- [Items from a data source]
-*-
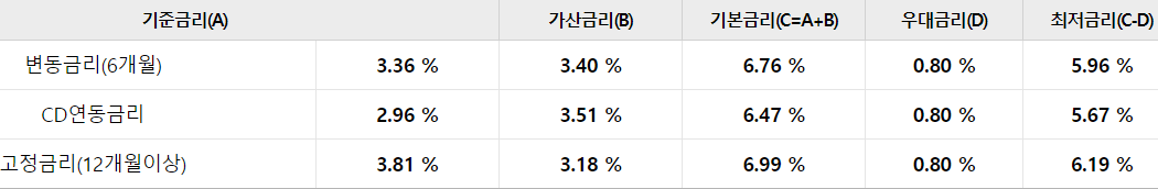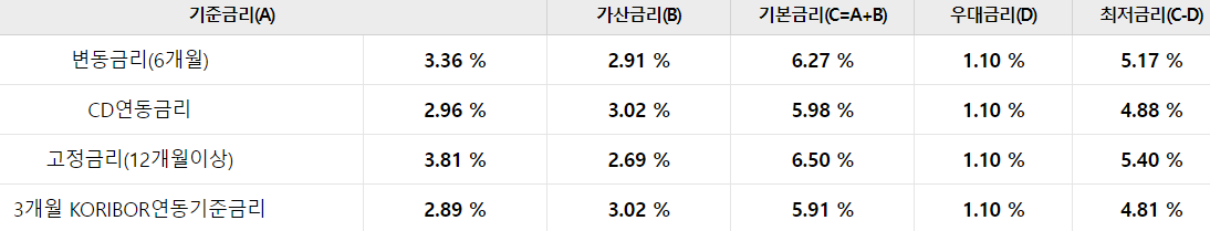 우대금리조건이 가맹점 매출대금 입금금액에 따라 달라지며 우리은행으로 가맹점 매출 대금 입금을 해놓지 않은 분들은 아래 개인사업자대출 TOP5를 확인하셔서 다른 조건 없이 빌려주는 곳을 참고하시는게 나을수도 있습니다.
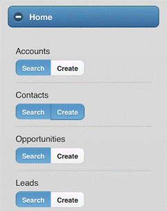 When Search is selected, the icon will be displayed on the home page. A Create button will be displayed on the home page if Create is selected.
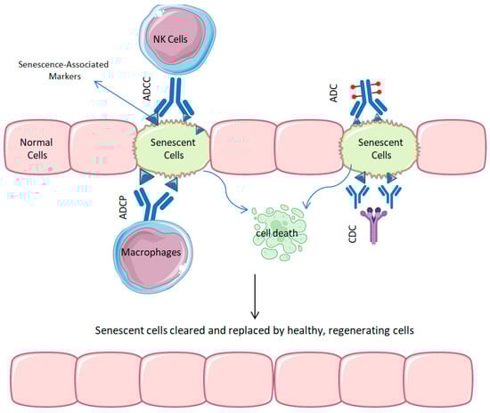 | ADCs | B2M, Senescent Cell Markers | Delivery of cytotoxic agents to induce apoptosis | Preclinical studies demonstrate senescent cell clearance and tissue rejuvenation. | [44] |
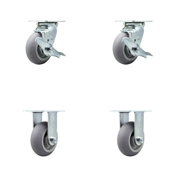 5 Inch Thermoplastic Rubber Caster Set with Ball Bearings 2 Brakes 2 Rigid SCC
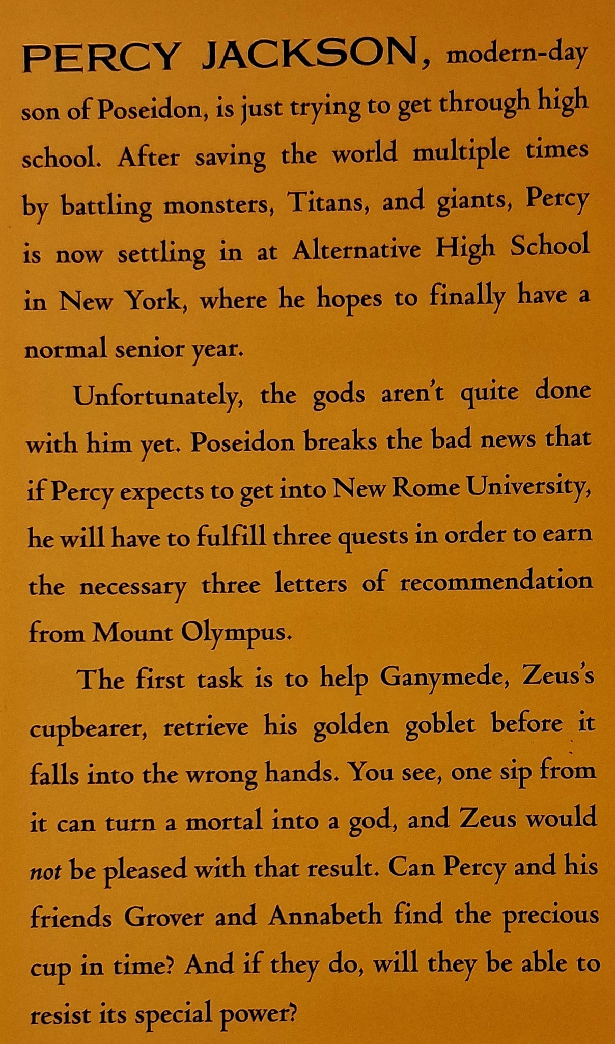 Percy Jackson, the modern-day son of Poseidon, is just trying to get through high school. After saving the world multiple times by battling monsters, titans, and giants, Percy is now settling in at Alternative High School in New York, where he hopes to finally have a normal senior year. Unfortunately, the gods aren’t quite done with him yet . . .
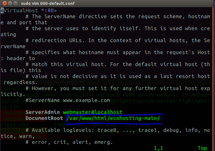 나는 /var/www/html/ecohosting-main/라는 경로를 입력했다.
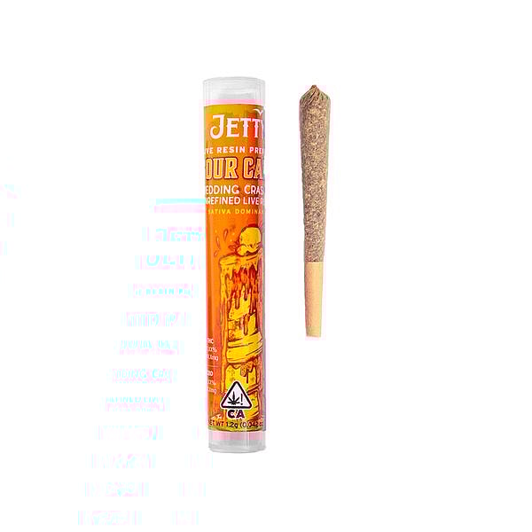 Cake on cake! Jetty’s Sour Cake is a new flower cross of Sour Diesel x Wedding Cake that’s a super-potent pairing with our Wedding Crasher UNREFINED Live Resin (Purple Punch x Wedding Cake). This dessert strain combo has heavy sweet and earthy notes — it packs a big punch (26% Sativa THC). Contains three prerolls. $27
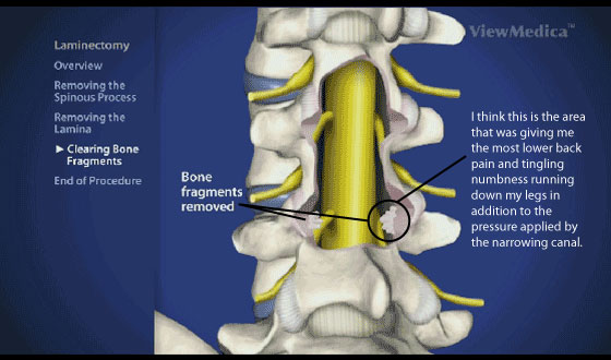 After complaining about it for some time to my doctor, I was finally referred to a spine specialist who looked at my x-rays and determined I had spinal stenosis, where there was pressure to the nerves in my lower back. Spinal decompression was necessary in a surgical procedure called a LAMINECTOMY.
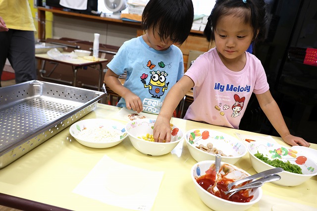 (チーズは豆乳でできたものなので、アレルギーの子も一緒に出来ました)給食室で焼いてもらうと・・皮がパリッパリになっておいしそう♪
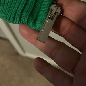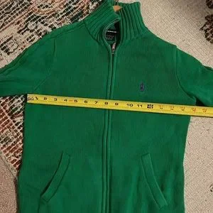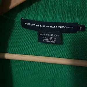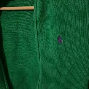 Super cute Ralph Lauren full zip sweater ! Great green color and navy polo horse. Cute cable knit design down each arm !
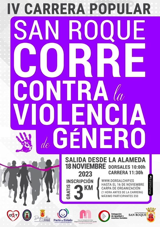 El Centro de Información a la Mujer (CIM) coordina los actos para conmemorar el 25 N, Día contra la Violencia de Género. La IV Carrera “San Roque corre contra la Violencia de Género” es una de las iniciativas programadas por este departamento, dependiente de la Delegación de Igualdad y Asuntos Sociales, que dirige la concejal Eva Gil, y en la organización participa también la Delegación de Deportes, con la teniente Mónica Córdoba al frente. También colaboran Policía Local y Protección Civil, así como las empresas municipales Multimedia y Emadesa.
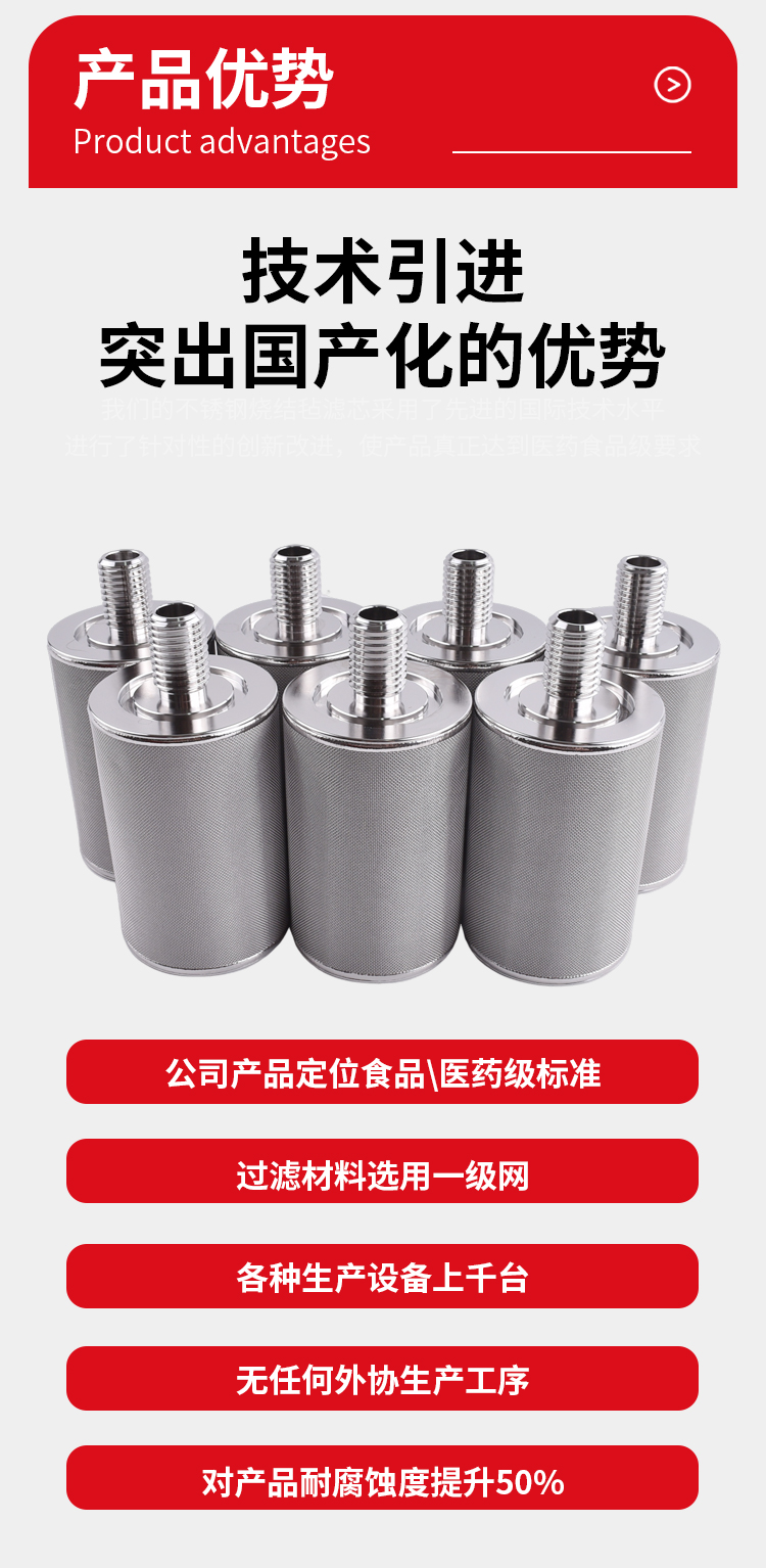 - 气体过滤方面:对高温气体、蒸汽、压缩空气、催化剂等进行过滤、除尘、除菌、除油雾等;还可用于气体净化和气体缓冲等。
-*-
- [Problem]
Your reply should consist solely of the lines above, from the opening line through the line with "When Search is", reproduced exactly and without pictures.

- [Output]
 우대금리조건이 가맹점 매출대금 입금금액에 따라 달라지며 우리은행으로 가맹점 매출 대금 입금을 해놓지 않은 분들은 아래 개인사업자대출 TOP5를 확인하셔서 다른 조건 없이 빌려주는 곳을 참고하시는게 나을수도 있습니다.
 When Search is selected, the icon will be displayed on the home page. A Create button will be displayed on the home page if Create is selected.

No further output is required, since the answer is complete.